Tuesday, August 3, 2010

This Week In History


August 3, 1492: Christopher Columbus sets sail from Spain for the "Indies." Though the explorer was in part driven by a quest for gold and glory, he also saw himself as a missionary. He thought, if there were a shortcut to the East by sea, missionaries could be sent there faster, thus enabling Christians to meet the provision for world evangelization before the Lord could return.

August 4, 1792: By order of revolutionaries, all houses of worship close in France.

August 4, 1892: English medical missionary Sir Wilfred T. Grenfell arrives in Labrador, Newfoundland. He labored as a physician and missionary for 42 years and was instrumental in building orphanages, hospitals, cooperative stores, and other community organizations. [What? A missionary could be a physician/scientist? He could actually perform demonstrable acts of good? That certainly doesn't fit the contemporary secular narrative, does it? -Ed.]

August 5, 642: Oswald, the king of Northumbria who first began the official establishment of Christianity in England, is "martyred" in battle against the pagan Penda of Mercia. Converted at Iona, Scotland, Oswald erected a wooden cross before one of his earliest battles and commanded his soldiers to pray. When he defeated the English king in that battle, Oswald commissioned the Irish monk Aidan to begin establishing Christianity.

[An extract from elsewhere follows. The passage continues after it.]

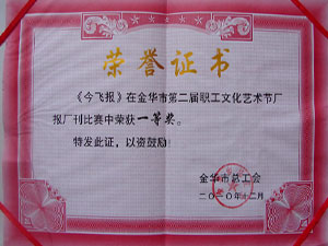 金華市第二屆職工文化藝術(shù)節(jié)廠報(bào)刊一等獎(jiǎng)

August 5, 1570: Spanish Jesuits, intent on converting the Native Americans [that's what non-aboriginal Americans call American Indians], arrive in Chesapeake Bay, Virginia. Six months later, the Indians massacred the group, and the Jesuits ended their work in the region. [The Jesuits' tactics for conversion were less intellectual than their reputation would suggest. Their attitude towards Indian women, for example, was found distasteful by the aboriginals. -Ed.]

August 5, 1604: John Eliot, the "Apostle to American Indians," is baptized. He succeeded in converting over 3,600 Aboriginal-Americans, publishing the Bay Psalm Book (the first book printed in America), and forming the Society for the Propagation of the Gospel. [The SPG was the Church of England in the colonies, of which Christ Church's congregation would be a part. -Ed.]

August 5, 1656: Eight Quakers from England arrive in Boston, where Puritans [forerunners of today's Congregationalists] of the Massachusetts Bay Colony immediately imprisoned them without trial. They were held until the ships that brought them were ready to take them back to England. [Apparently, the Congos thought one could never be too sure about the Quakers. They might pray without Puritan permission or something. -Ed.]

August 6, 258: Emperor Valerian executes Bishop of Rome Sixtus II, who was preaching a sermon in a cemetery. The emperor originally tolerated Christians, but switched to persecuting them because he believed they were responsible for the plagues, earthquakes, and other disasters that disturbed his reign.

August 6, 1221: Dominic, founder of the Order of Preachers (or Dominicans), dies. He left this "inheritance" to his followers: "Have charity among you, hold to humility, possess voluntary poverty." A mere five years earlier, he had six followers. At his death, he had thousands.

August 6, 1801: Revival hits a Presbyterian camp meeting in Cane Ridge, Kentucky. Within a week, 25,000 were attending the revival services. It was the largest and most famous camp meeting of the Second Great Awakening.

August 7, 317: Constantius II, Son of Constantine the Great and Roman emperor from 337 to 361, is born. During his lifetime, he outlawed pagan sacrifice. But Constantius was also a devout Arian (a heresy his father had condemned at the Council of Nicea) and strongly opposed Athanasius.

August 7, 1409: The Council of Pisa, convened by the cardinals to end the Great Schism that had divided Western Christendom since 1378, closes. The council deposed both warring popes as schismatics and heretics, and elected Alexander V. It didn't end the schism (as there were now three warring popes), but it paved the way toward a solution at the Council of Constance in 1417. [Typical of committee work: they try to turn two popes into one and wind up creating three. This is the moment when the idea of Protestantism began to take hold. After all, anything would be better than this nonsense. -Ed.]

August 7, 1771: Francis Asbury answers the call of the Church of England's John Wesley for volunteers to go to America as missionaries; Asbury would become the father of American Methodism.